Redevelopment Sidewalks: Adding Futility To The Simple Pleasure of Walking

Several Friends have recently asked that we share with you our Loyal Readers some images of the ridiculous Redevelopment sidewalks in downtown Fullerton. The question that comes to mind is: what sort of ninny would design something so impractical and expensive, other than a Redevelopment bureaucrat, of course; and why?

meandering sidewalk
East side of Malden, between Wilshire & Whiting. Slide, step, slide.
meandering sidewalk2
Sidewalk at Wilshire Promenade - a special mindset revealed
meandering sidewalk3
Police station, Highland & Amerige. Okay, single file now

Discovering the answers to the questions posited above is actually intriguing if you are the sort of person who is interested in the study of the abandonment of critical thought in homo sapiens. People who like this sort of sidewalk have made the foolish and perhaps even unwitting mistake of jettisoning simplicity in the confused belief that anything that is more complicated – in this case a broken versus a straight line – must be an aesthetic improvement. Others have seen in these pointless meanderings an aesthetic “softening” that comes when you replace the rectilinear with the curvilinear (although please note that ours aren’t even curvilinear) a weird idea that can trace its legacy way back to the anti-grid urban movements of the late Nineteenth Century.

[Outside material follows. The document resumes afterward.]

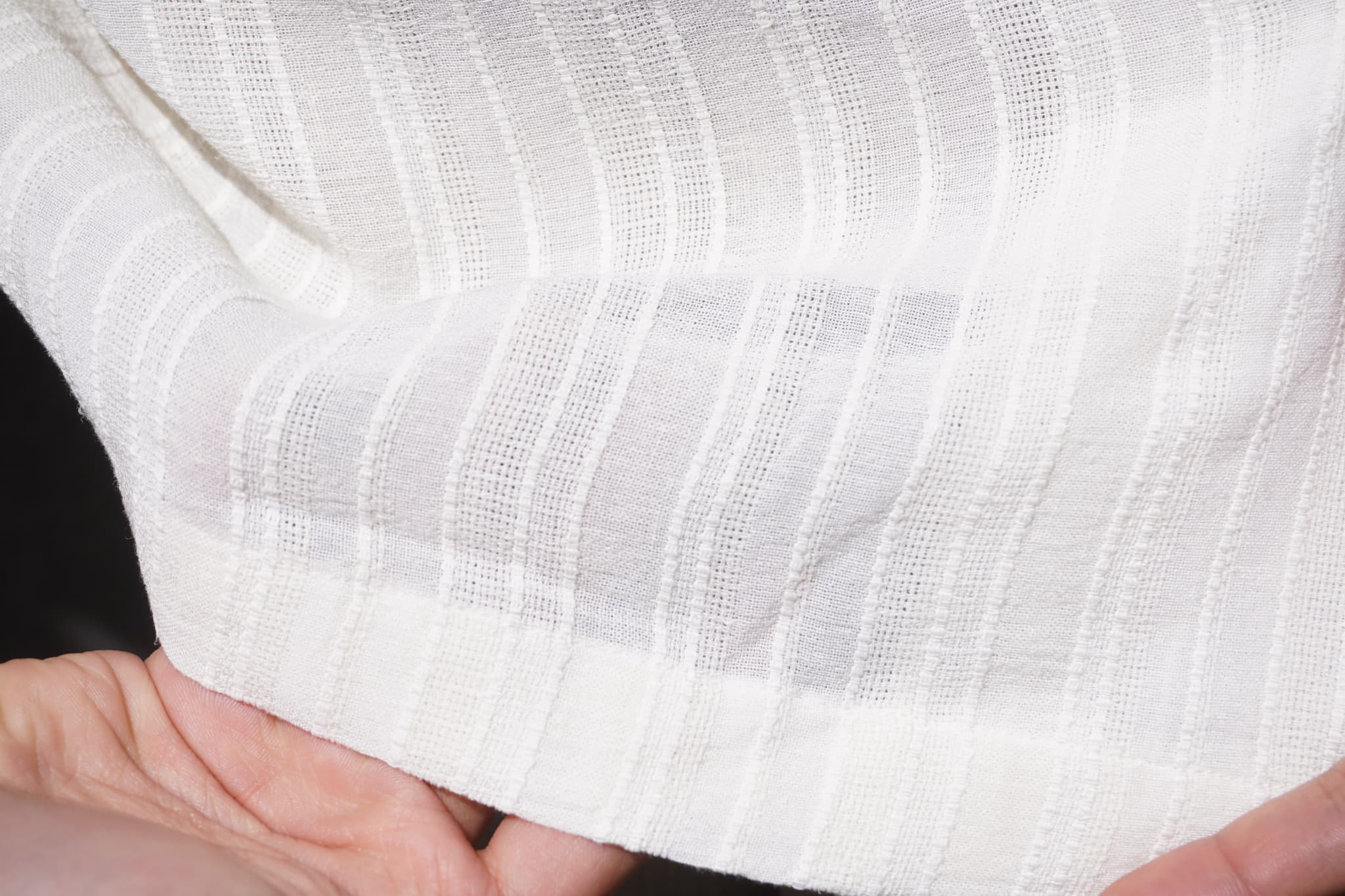 ほんのり透け感のある生地で、織りによるさりげない立体感と軽やかさが魅力です。

F. Paul Dudley, former Director of Development Services (and prominent member of the $100,000 retirement club) once defended his knee-jerk support for these practical monstrosities by taking a different tack, but one guaranteed to win the hearts and minds of ponder-free tree boohoos. He claimed that these zigzag paths actually increase the area available for landscaping next to buildings downtown. Wrong!  As any 10th grader taking geometry knows, a straightline is the shortest distance between two points. If you increase the length of a sidewalk through pointless meandering, you necessarily increase the amount of concrete needed to build it. Increase the concrete and you necessarily decrease the amount of adjacent area available for landscaping! That’s pretty simple. Well, this is Fullerton, after all, but still, you have to wonder how Dudley managed to hang on to his job for so long.

Finally we have to wonder what it’s like for somebody in a wheelchair to have to negotiate these sidewalks.

FFFF’s tip of the day: If you walking somewhere in downtown Fullerton, remember to budget some extra time because it will take you twice as long to get where you are going.

(images thoughtfully provided by Travis Kiger)

14 Replies to “Redevelopment Sidewalks: Adding Futility To The Simple Pleasure of Walking”

  1. Ninny is a very kind word for the fools that allowed this to happen in our great city.
    Mr. Dudley, “tear down that sidewalk” and you and your minions get down there and rebuild it yourself with YOUR own money since you ripped off this great city! Can anyone say “shovel ready” project right here in Fullerton on Dudley’s dime this time not the city of Fullerton’s! I’m so sick of these smokey back room what’s good for me and my wallet tricky itchy gitchy Fullerton good ol boy political deals. This city deserves to be honored and not have these lazy blow hard and long jerks abscond our funds for their financial and political gain…

  2. Notice how much of those planter areas are bare? People are just walking straight through. What a joke!

  3. Those things are flat-out dangerous. Imagine navigating those in a wheelchair or with a walker?

  4. ground zero for the ninny architecture that has infected fullerton is the cement hocky stick/ golf club / cement something that arose one day in the 1970’s on the library’s lawn.

  5. It is not handicapped accessible, as of 2005 all sidewalks and corners have to be handicapped accessible. Santa Ana has you beat with accessibility, on 5th street over the bridge they have telephone poles smack dab in the middle of the side walks.

  6. LM, FYI. 5th Street/Santa Ana River bridge area has been named the worst pavement in the State of California by the National Pavement Contractor’s Association.

  7. fullerton harpoon, I never wanted to get too close to it and only see if from the street. since it is made out of steel then unfortunately it will be around for a long time. referring to long past posts their was one that mentioned the glory days of the Hunt library which housed henry moore sculptures along with books. Compared to the real thing thehockey stick is ugly proof that fullerton government’s sense of aesthetics is funky, chunky and clunky

  8. They should sell tickets to that one on Malden. It’s like an amusement park ride. Don’t walk it if you get motion sickness easily. Or maybe it’s supposed to slow down drunks.

    Just a guess, but perhaps the diagonal pieces are just supposed to break up longer stretches of straight sidewalk(?), but were instead used to lay out an entire sidewalk without any square segments.

  9. I suspect the real reason behind these new, user-hostile sidewalks is to make bicycling, skateboarding, and rollerblading next to impossible. This, of course, will have the less-than-salubrious effect of forcing wheel-born youth onto the streets and into traffic. Funny how the powers that be never level with us citizens, er, I mean lowly serfs, about that.